[Task inputs — start]

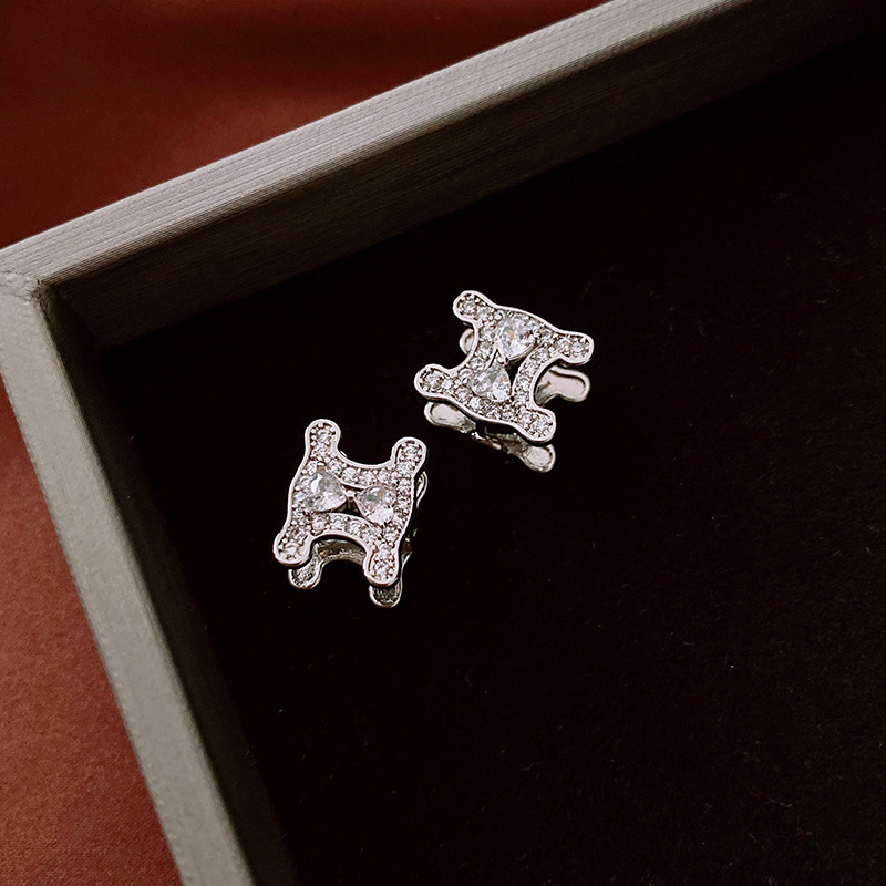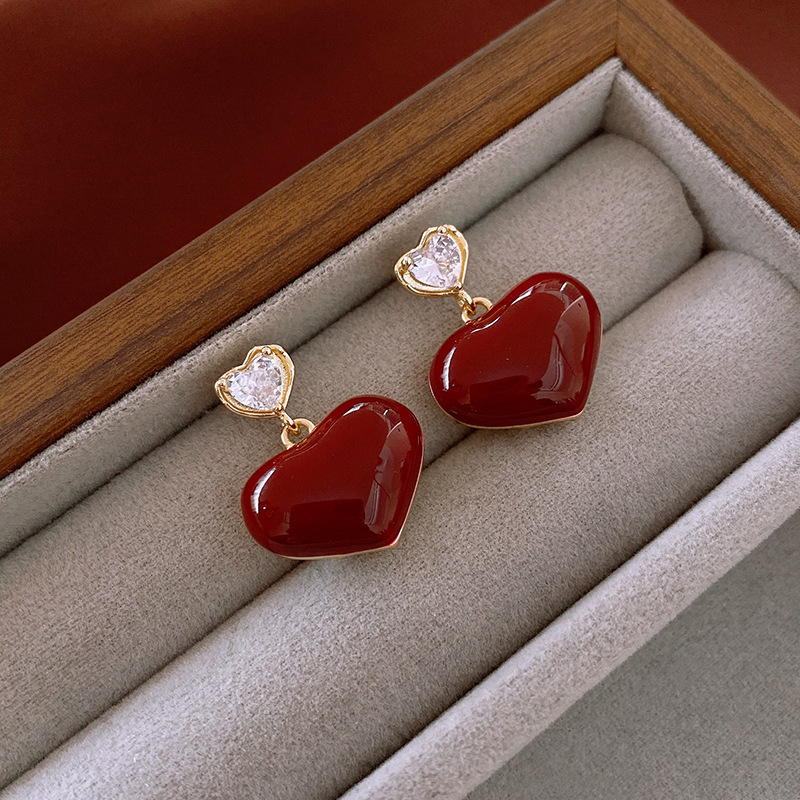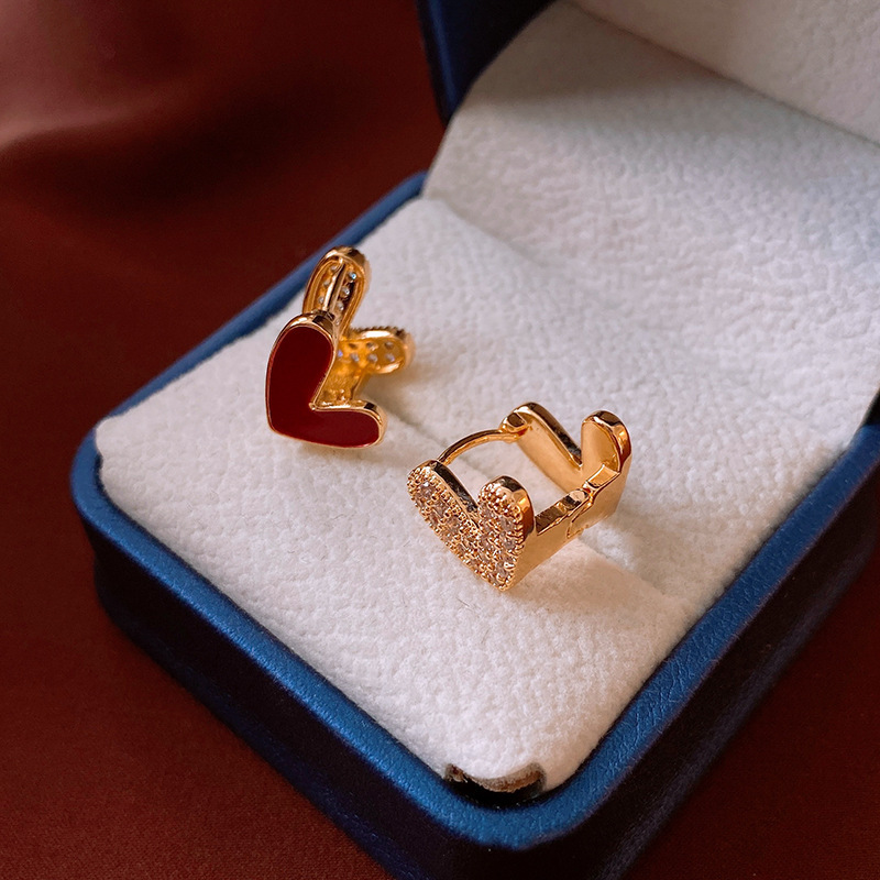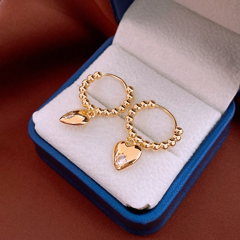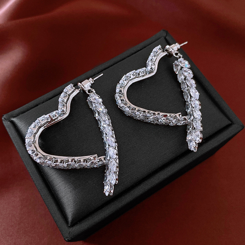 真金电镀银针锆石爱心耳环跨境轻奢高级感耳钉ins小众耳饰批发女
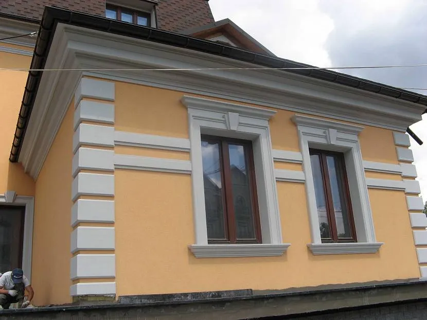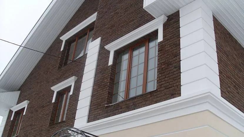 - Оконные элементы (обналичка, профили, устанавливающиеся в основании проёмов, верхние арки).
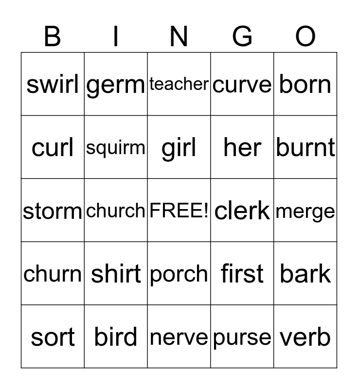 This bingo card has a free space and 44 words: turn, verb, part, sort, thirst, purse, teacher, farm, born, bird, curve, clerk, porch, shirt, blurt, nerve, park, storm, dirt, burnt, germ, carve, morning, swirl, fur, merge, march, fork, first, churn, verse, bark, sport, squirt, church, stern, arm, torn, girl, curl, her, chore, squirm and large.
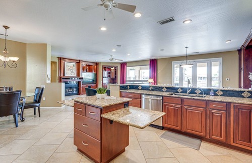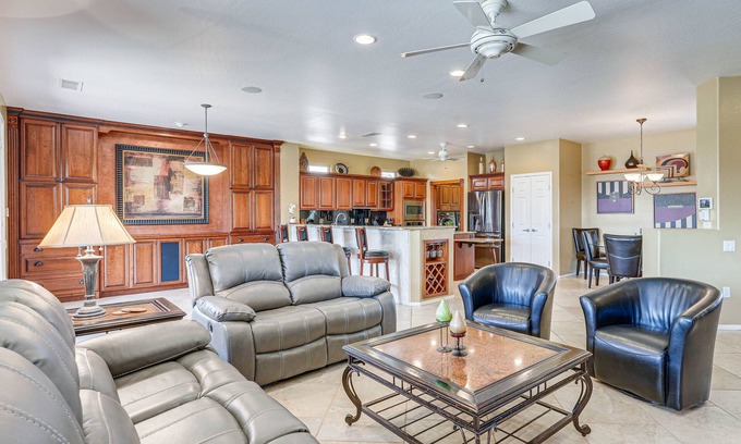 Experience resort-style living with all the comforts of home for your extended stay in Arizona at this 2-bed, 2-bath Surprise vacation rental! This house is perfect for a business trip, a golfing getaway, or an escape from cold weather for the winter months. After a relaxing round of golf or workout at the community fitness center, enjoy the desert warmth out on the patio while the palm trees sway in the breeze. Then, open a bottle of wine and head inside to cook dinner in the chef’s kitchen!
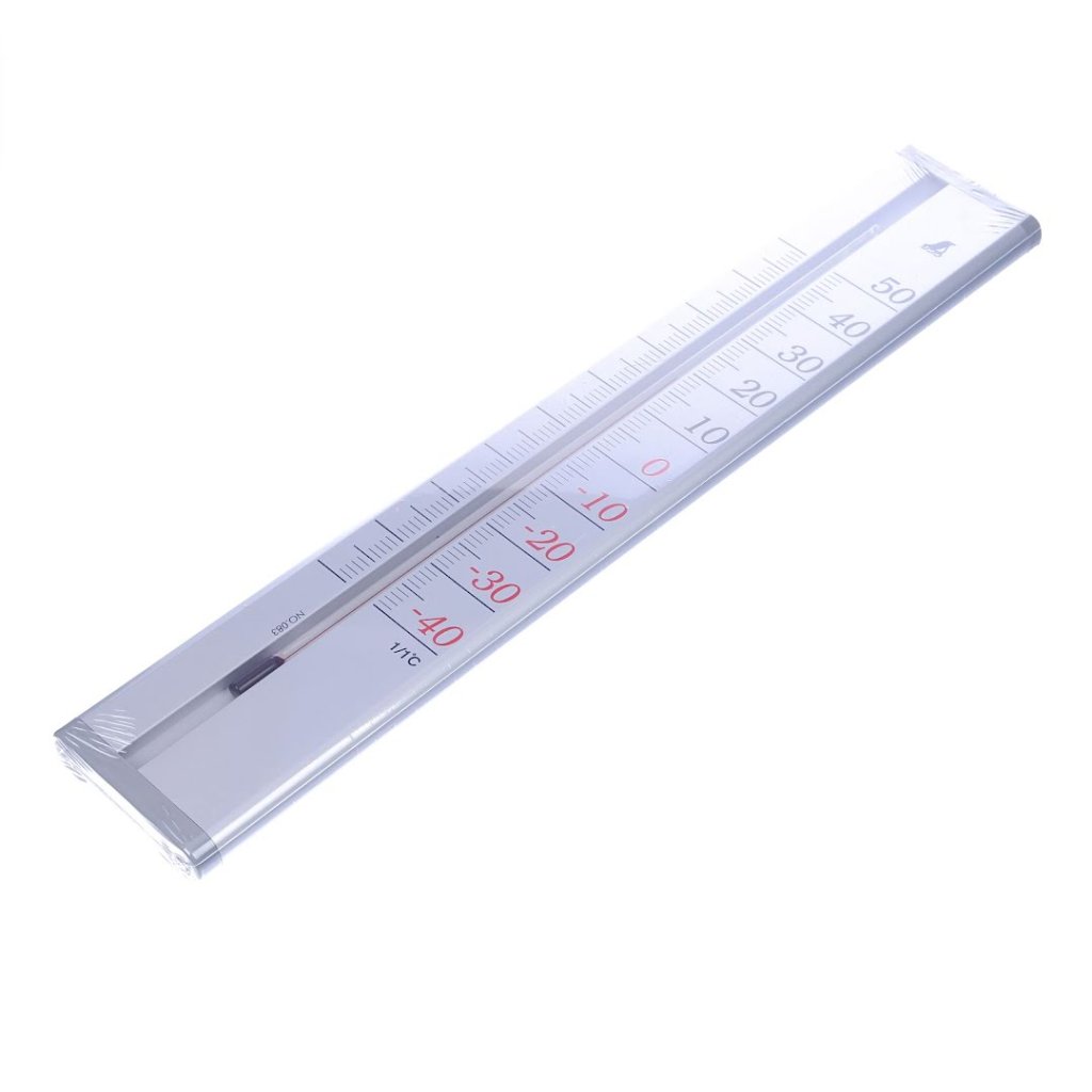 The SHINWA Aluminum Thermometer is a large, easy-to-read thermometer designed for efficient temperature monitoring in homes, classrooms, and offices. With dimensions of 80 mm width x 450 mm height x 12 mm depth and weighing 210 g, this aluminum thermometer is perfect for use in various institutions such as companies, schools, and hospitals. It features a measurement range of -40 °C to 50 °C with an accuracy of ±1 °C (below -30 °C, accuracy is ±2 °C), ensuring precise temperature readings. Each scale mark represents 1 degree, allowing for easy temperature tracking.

[Task inputs — finish]

With pictures removed, write out exactly each line of the entries from the first through the line that holds "- Оконные элементы".

 真金电镀银针锆石爱心耳环跨境轻奢高级感耳钉ins小众耳饰批发女
 - Оконные элементы (обналичка, профили, устанавливающиеся в основании проёмов, верхние арки).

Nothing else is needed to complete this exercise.